Mack was probably in the clear because he was dead before Fred’s murder. Rob didn’t have to say that and didn’t. “The state investigators will look into Mack’s official records and into his personal finances.”
Beth shivered.
He was watching her. “The real problem will lie with the commissioners. You’ve been sworn in, haven’t you?”
She nodded. Karl Tergeson had administered the oath at the hospital the night before with John, Dany, and Beth’s wide-eyed roommate watching. It had felt very strange.
“Then you have the authority to act. They can’t stop you. Tergeson and Auclare will be under the gun. At the very least, they’ve been careless.”
Beth’s stomach churned. “What if they were all in on it? The commissioners, the clerks…Mack.”
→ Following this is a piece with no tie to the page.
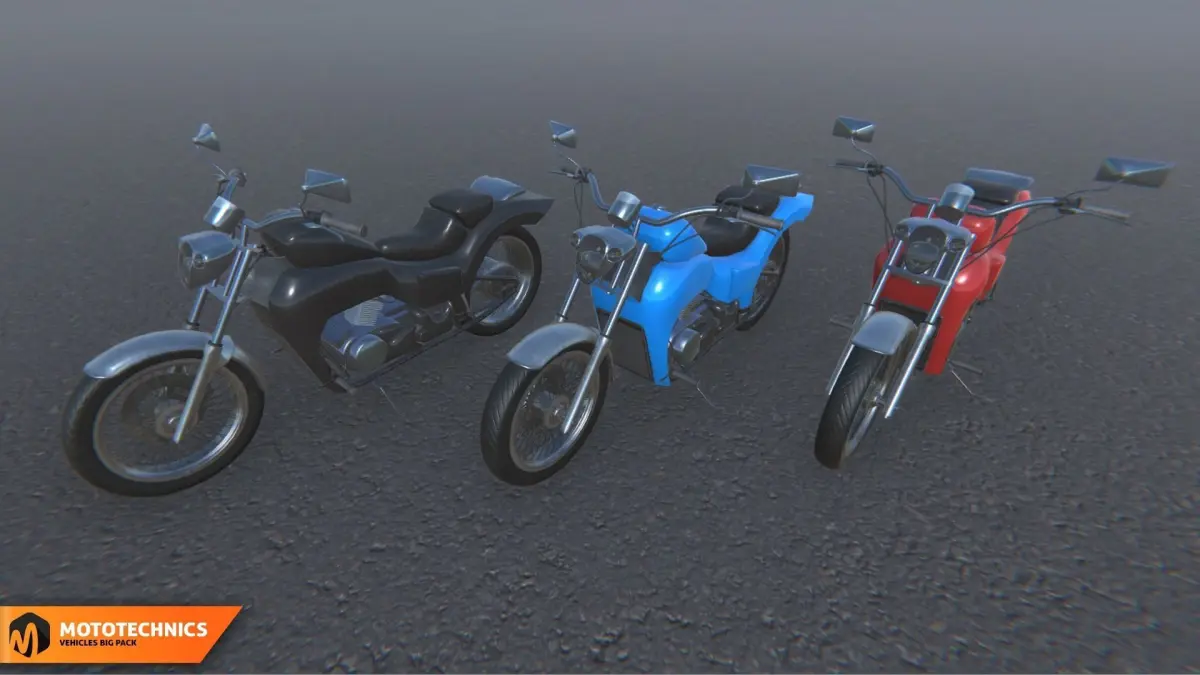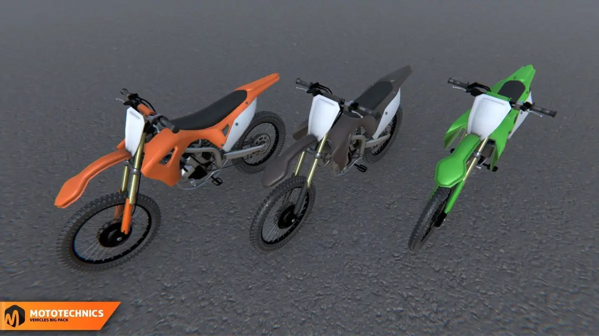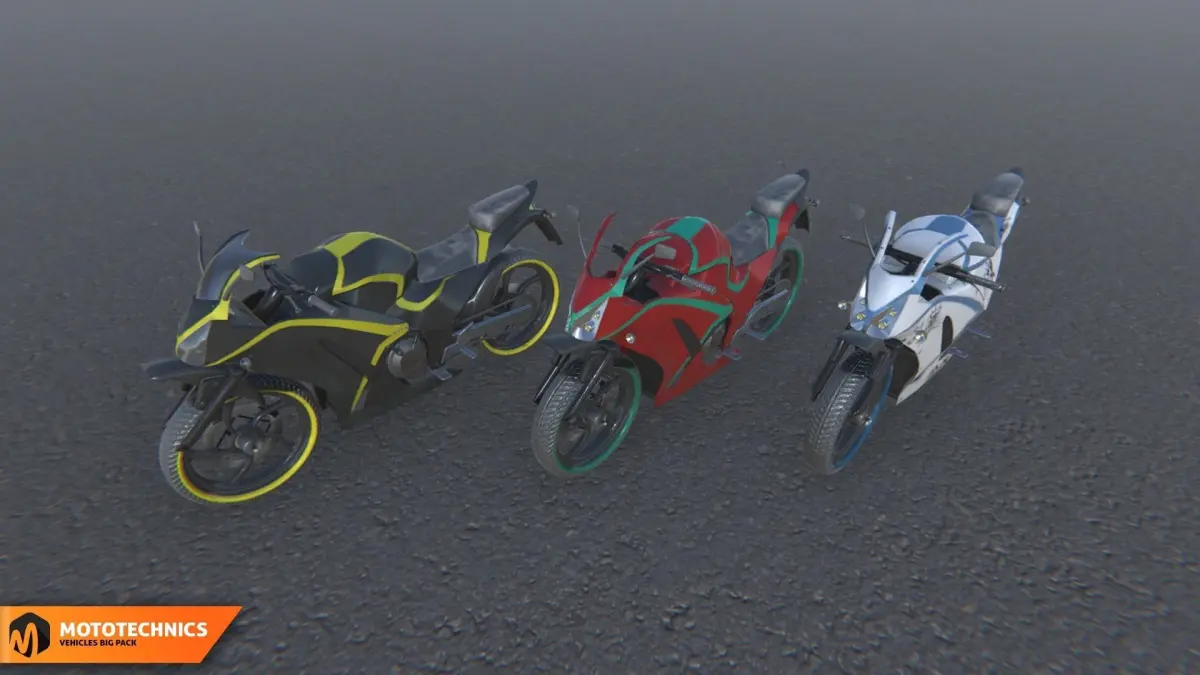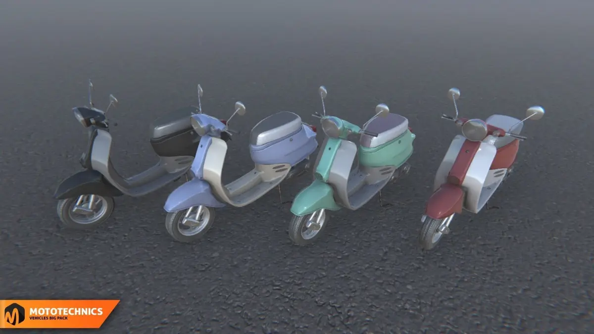 Mixaill studio presents a good solution for your games, VR projects and simulators.Mototechnics - vehicles big pack with 10 different vehicles.Number of textures: 197Texture dimensions: 256 x 256, 512 x 512, 2048x2048, 4096x4096Polygon count ofAtv: 65.1K TrisAuto rickshaw: 32.5K TrisBuggy: 68.7K TrisGolf car: 32.3K TrisMoped_1: 32K TrisMoped_2: 37.6K TrisMotorcycle: 59.5K TrisMotorcycle cross: 81.1K TrisMotorcycle sport: 49.8K TrisScooter: 34.4K Tris

Rob met her eyes. “I talked to Maddie Thomas before the landslide, when Charlie told me about the first survey. If the corruption were that widespread, I think she would have picked up on it.” He didn’t say false gushing things about Mack’s incorruptibility. He was assuming Mack’s innocence, not making a big deal about it. That made Beth feel better.
She said abruptly, “When you said it wouldn’t be wise for you to investigate the approval process, you didn’t mean you were worried about your job, did you?”
His eyebrows shot up. “No!”
“Spell it out for me.”
He stood still, head bent while he thought things over. At last he looked up. “Everybody knows Mack was my mentor, and sooner or later, someone will be charged with this crime.”